══ DATA FOR REVIEW ══

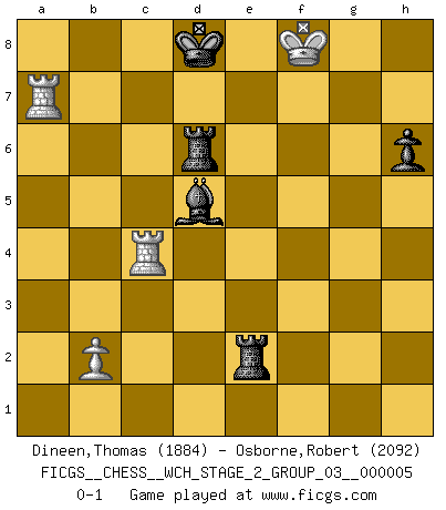 Last move : 0-1 2009 August 8 5:26:55 [Event "FICGS__CHESS__WCH_STAGE_2_GROUP_03__000005"] [Site "FICGS"] [Date "2009.03.15"] [Round "1"] [White "Dineen,Thomas"] [Black "Osborne,Robert"] [Result "0-1"] [WhiteElo "1884"] [BlackElo "2092"] 1.d4 d5 2.c4 c6 3.Nf3 Nf6 4.Nc3 e6 5.e3 Nbd7 6.Bd3 dxc4 7.Bxc4 b5 8.Bd3 Bb7 9.O-O a6 10.e4 c5 11.d5 Qc7 12.dxe6 fxe6 13.Bc2 Bd6 14.Ng5 Nf8 15.f4 O-O-O 16.Qe2 h6 17.Nh3 e5 18.f5 c4 19.Nf2 Bc5 20.Be3 Kb8 21.Rac1 Bd4 22.a4 Qb6 23.Rfe1 N8d7 24.axb5 axb5 25.Qf3 Bxe3 26.Qxe3 Qxe3 27.Rxe3 b4 28.Na4 Bc6 29.Rg3 Nh5 30.Re3 Bb5 31.Bd1 Nhf6 32.Be2 Bxa4 33.Rxc4 Nb6 34.Rxb4 Kc7 35.Rg3 Rhg8 36.Nd3 Nfd7 37.Bh5 Rdf8 38.Bg6 Rf6 39.Bh7 Ra8 40.Rxg7 Kc6 41.h4 Rd6 42.Rg6 Kc7 43.Nxe5 Rd1+ 44.Kf2 Nxe5 45.Rgxb6 Bc6 46.Bg6 Rad8 47.Kg3 Rh1 48.Kf4 Nxg6+ 49.fxg6 Rxh4+ 50.Kf5 Rf8+ 51.Ke5 Rh5+ 52.Ke6 Rf2 53.e5 Rxg2 54.Kf6 Rhg5 55.Ra6 Rxg6+ 56.Ke7 Rg7+ 57.Kf8 Rg8+ 58.Ke7 Re8+ 59.Kf6 Rf2+ 60.Kg7 Rxe5 61.Rc4 Re6 62.Ra5 Rg2+ 63.Kf7 Rd6 64.Ke7 Re2+ 65.Kf8 Kd8 66.Ra7 Bd5 0-1 QGD Slav : 4.Nc3 Kingside Castling by player White (move 9) Queenside Castling by player Black (move 15) 10 pieces endgame at move 55 : White KRRPP , Black KRRBP WHITE : King + 2 Rooks 2 Pawns BLACK : King + 2 Rooks 1 Bishop 1 Pawn 9 pieces endgame at move 60 : White KRRP , Black KRRBP WHITE : King + 2 Rooks 1 Pawn BLACK : King + 2 Rooks 1 Bishop 1 Pawn Player Black won this chess game. Follow this game move after move (download)I am the best player in the world and I am here to prove it. (Bobby Fischer) Du weisst es gibt ein Problem mit Computern und Fernschach, wenn jeder eine Rating von 2450 hat. (John Christen Knudsen) Bobby solo arroja las piezas y solas caen en las casillas correctas. (Miguel Najdorf ) Avant la finale, les dieux ont créé le milieu de partie. (Tarrasch) The Internet is the world's largest library. It's just that all the books are on the floor. (John Allen Paulos)
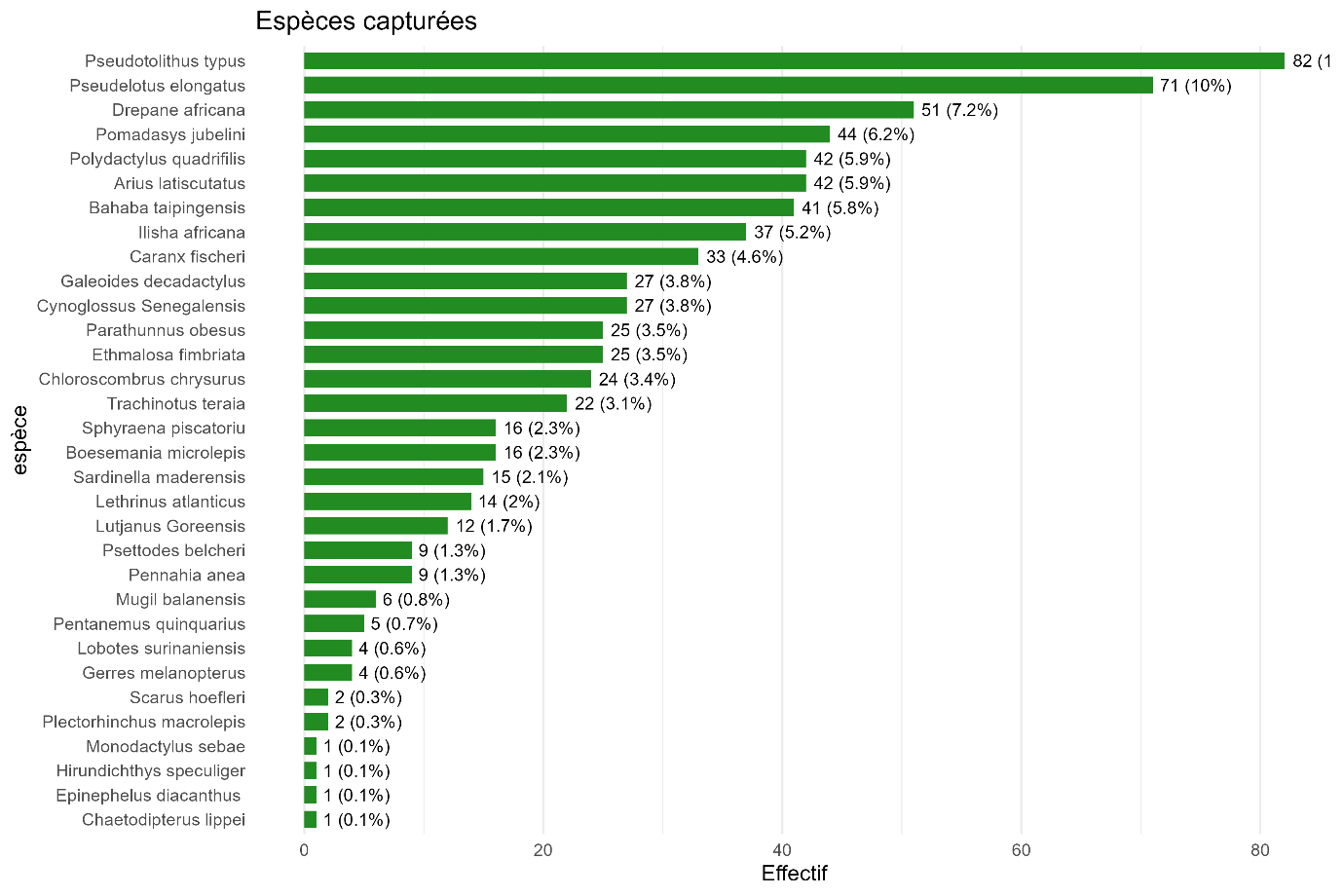 Figure 1 : richesse spécifique des familles de poissons courant 2025 (source : Tube Awu)
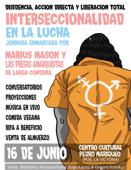 Les invitamos a la actividad enmarcada en el 11 de Junio- Día internacional en solidaridad con Marius Mason y con lxs presxs anarquistas de larga condena, en la cual se tensionarán temas como la disidencia dentro/fuera de espacios anarquistas, antiespecismo y anticarcelario, tratando de visibilizar la situación que afronta Marius Mason y todxs lxs compañerxs encarceladxs en distintos territorios.
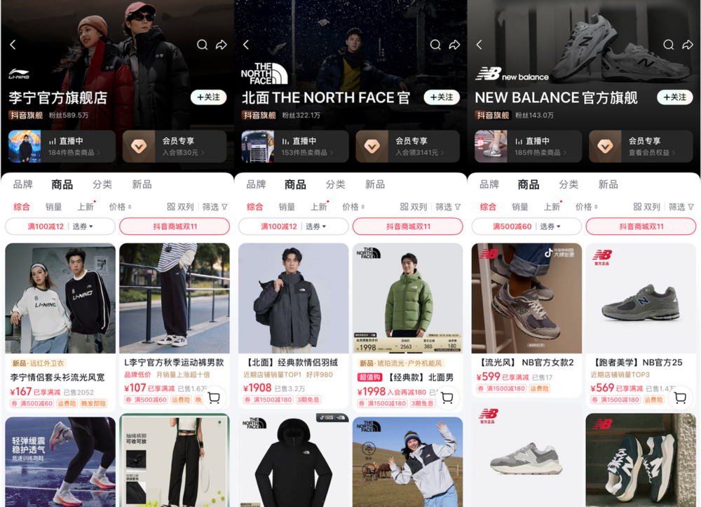 李宁、北面、New Balance参与抖音电商“双11”促消费
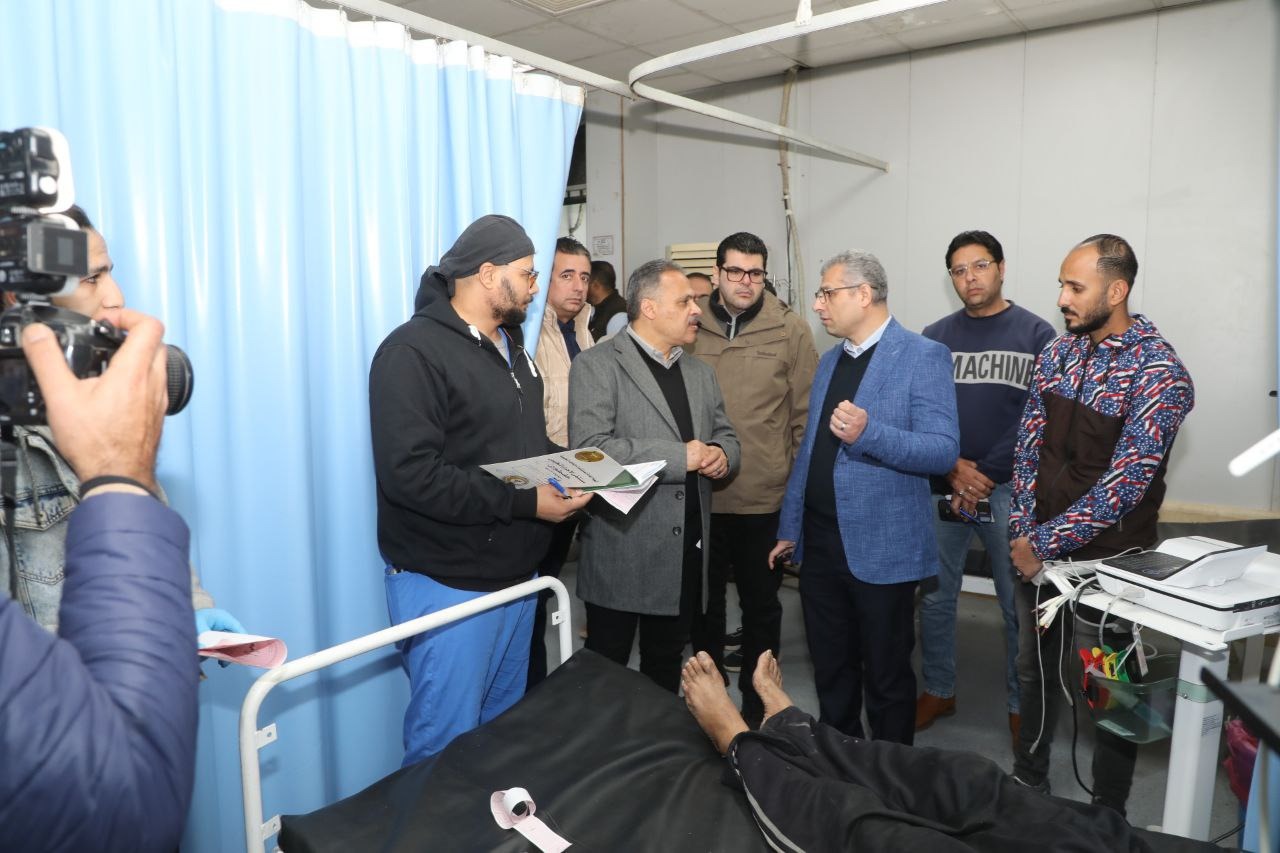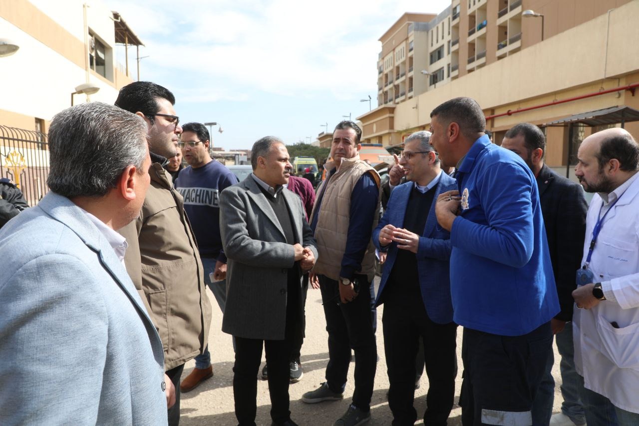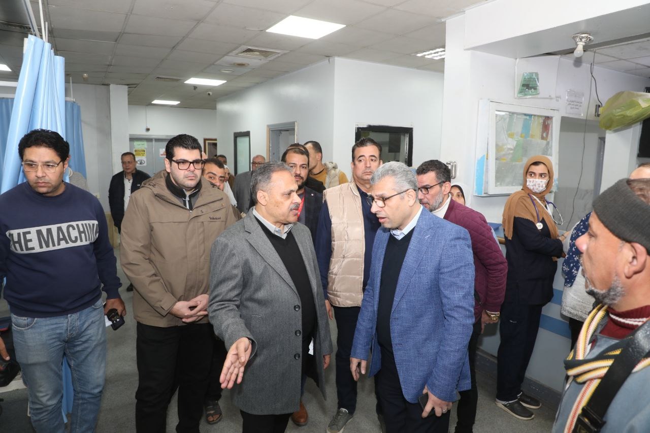 بدأ المحافظ زيارته بتفقد قسم الإستقبال والطوارئ، والذي يستقبل نحو (١٤٠٠ )حالة يومياً، ويضم( ٢٦) سريراً متنوع، منها (١٢) سريراً لحالات الحوادث، الي جانب معمل طوارئ وأجهزة أشعة "مقطعية، وعادية، وتليفزيونية" مخصصة لجميع حالات الإستقبال، فضلاً عن (٣) غرف عمليات، والمجهزة لإجراء العمليات الجراحية لحالات الحوادث، حيث تمت الإشارة من أطباء الاستقبال أنه تم إستقبال (٧٠) حالة منذ الصباح الباكر حتي الآن، مشدداً على الأطباء المتواجدين بتقديم كافة الإسعافات الأولية والعلاجية لهم حتى تمام امتثال الشفاء.

═══

▸ EXERCISE PROMPT
The copy should match the records above exactly, except that pictures are dropped.

▸ SOLUTION TO THE EXERCISE
 Last move : 0-1 2009 August 8 5:26:55 [Event "FICGS__CHESS__WCH_STAGE_2_GROUP_03__000005"] [Site "FICGS"] [Date "2009.03.15"] [Round "1"] [White "Dineen,Thomas"] [Black "Osborne,Robert"] [Result "0-1"] [WhiteElo "1884"] [BlackElo "2092"] 1.d4 d5 2.c4 c6 3.Nf3 Nf6 4.Nc3 e6 5.e3 Nbd7 6.Bd3 dxc4 7.Bxc4 b5 8.Bd3 Bb7 9.O-O a6 10.e4 c5 11.d5 Qc7 12.dxe6 fxe6 13.Bc2 Bd6 14.Ng5 Nf8 15.f4 O-O-O 16.Qe2 h6 17.Nh3 e5 18.f5 c4 19.Nf2 Bc5 20.Be3 Kb8 21.Rac1 Bd4 22.a4 Qb6 23.Rfe1 N8d7 24.axb5 axb5 25.Qf3 Bxe3 26.Qxe3 Qxe3 27.Rxe3 b4 28.Na4 Bc6 29.Rg3 Nh5 30.Re3 Bb5 31.Bd1 Nhf6 32.Be2 Bxa4 33.Rxc4 Nb6 34.Rxb4 Kc7 35.Rg3 Rhg8 36.Nd3 Nfd7 37.Bh5 Rdf8 38.Bg6 Rf6 39.Bh7 Ra8 40.Rxg7 Kc6 41.h4 Rd6 42.Rg6 Kc7 43.Nxe5 Rd1+ 44.Kf2 Nxe5 45.Rgxb6 Bc6 46.Bg6 Rad8 47.Kg3 Rh1 48.Kf4 Nxg6+ 49.fxg6 Rxh4+ 50.Kf5 Rf8+ 51.Ke5 Rh5+ 52.Ke6 Rf2 53.e5 Rxg2 54.Kf6 Rhg5 55.Ra6 Rxg6+ 56.Ke7 Rg7+ 57.Kf8 Rg8+ 58.Ke7 Re8+ 59.Kf6 Rf2+ 60.Kg7 Rxe5 61.Rc4 Re6 62.Ra5 Rg2+ 63.Kf7 Rd6 64.Ke7 Re2+ 65.Kf8 Kd8 66.Ra7 Bd5 0-1 QGD Slav : 4.Nc3 Kingside Castling by player White (move 9) Queenside Castling by player Black (move 15) 10 pieces endgame at move 55 : White KRRPP , Black KRRBP WHITE : King + 2 Rooks 2 Pawns BLACK : King + 2 Rooks 1 Bishop 1 Pawn 9 pieces endgame at move 60 : White KRRP , Black KRRBP WHITE : King + 2 Rooks 1 Pawn BLACK : King + 2 Rooks 1 Bishop 1 Pawn Player Black won this chess game. Follow this game move after move (download)I am the best player in the world and I am here to prove it. (Bobby Fischer) Du weisst es gibt ein Problem mit Computern und Fernschach, wenn jeder eine Rating von 2450 hat. (John Christen Knudsen) Bobby solo arroja las piezas y solas caen en las casillas correctas. (Miguel Najdorf ) Avant la finale, les dieux ont créé le milieu de partie. (Tarrasch) The Internet is the world's largest library. It's just that all the books are on the floor. (John Allen Paulos)
 Figure 1 : richesse spécifique des familles de poissons courant 2025 (source : Tube Awu)
 Les invitamos a la actividad enmarcada en el 11 de Junio- Día internacional en solidaridad con Marius Mason y con lxs presxs anarquistas de larga condena, en la cual se tensionarán temas como la disidencia dentro/fuera de espacios anarquistas, antiespecismo y anticarcelario, tratando de visibilizar la situación que afronta Marius Mason y todxs lxs compañerxs encarceladxs en distintos territorios.
 李宁、北面、New Balance参与抖音电商“双11”促消费
 بدأ المحافظ زيارته بتفقد قسم الإستقبال والطوارئ، والذي يستقبل نحو (١٤٠٠ )حالة يومياً، ويضم( ٢٦) سريراً متنوع، منها (١٢) سريراً لحالات الحوادث، الي جانب معمل طوارئ وأجهزة أشعة "مقطعية، وعادية، وتليفزيونية" مخصصة لجميع حالات الإستقبال، فضلاً عن (٣) غرف عمليات، والمجهزة لإجراء العمليات الجراحية لحالات الحوادث، حيث تمت الإشارة من أطباء الاستقبال أنه تم إستقبال (٧٠) حالة منذ الصباح الباكر حتي الآن، مشدداً على الأطباء المتواجدين بتقديم كافة الإسعافات الأولية والعلاجية لهم حتى تمام امتثال الشفاء.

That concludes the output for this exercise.